Still, this is only one of the Attack Settings (Overflow-FS) for which the researchers provided an example prompt. With that one prompt (slightly modified), forcing these cutting-edge language models to produce harmful answers they otherwise would refuse to provide is possible.
The main concern here is not whether all models can answer these harmful questions, but rather, in most cases – these models are trained against answering harmful questions altogether. Yet, this ChatBug technique can easily bypass those restrictions.
In the end
The end result of this research is twofold. First, it reveals a critical and pervasive vulnerability in current LLMs that have been fine-tuned using chat templates, highlighting the urgent need for improved safety measures. Second, it exposes a fundamental tension between safety alignment and model performance in LLMs.
The researchers found that while they could mitigate the ChatBug vulnerability through methods like adversarial training, doing so significantly degraded the model’s ability to engage in helpful, multi-turn conversations.

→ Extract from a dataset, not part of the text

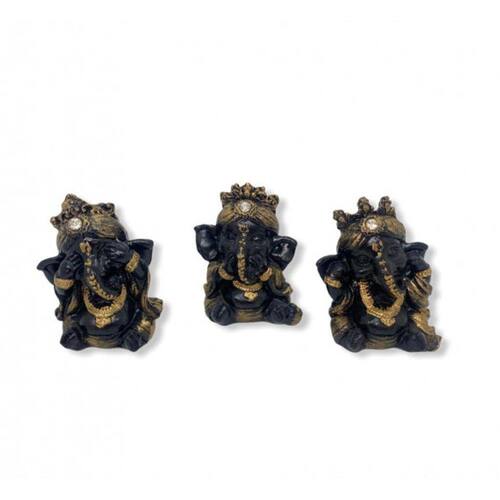 Imagem Ganesh Preto Dourado Escultura Resina 08 cm
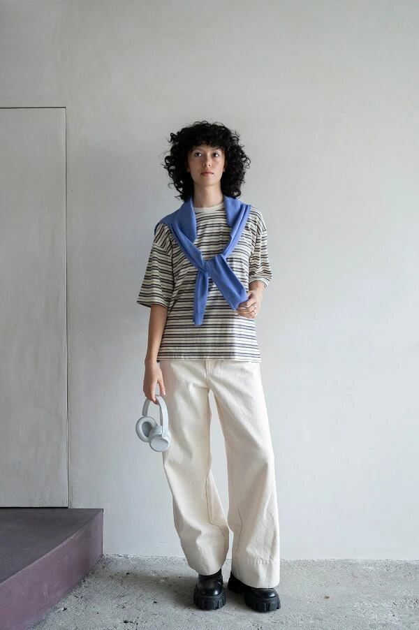 ビンテージ感のある配色ボーダーTは、ダブルラインタフタパンツやデニムとの相性がバッチリ。こなれたカジュアルコーディネートが組めます。

This research shows the complexity of developing safe and helpful AI systems. It calls for reevaluating current instruction tuning methods and emphasizes the need for new approaches that can more effectively balance safety and performance.
The researchers concluded their paper by stressing the importance of collaborative efforts from the AI community to address these challenges and develop new norms for instruction tuning that can enhance the safety and usefulness of large language models.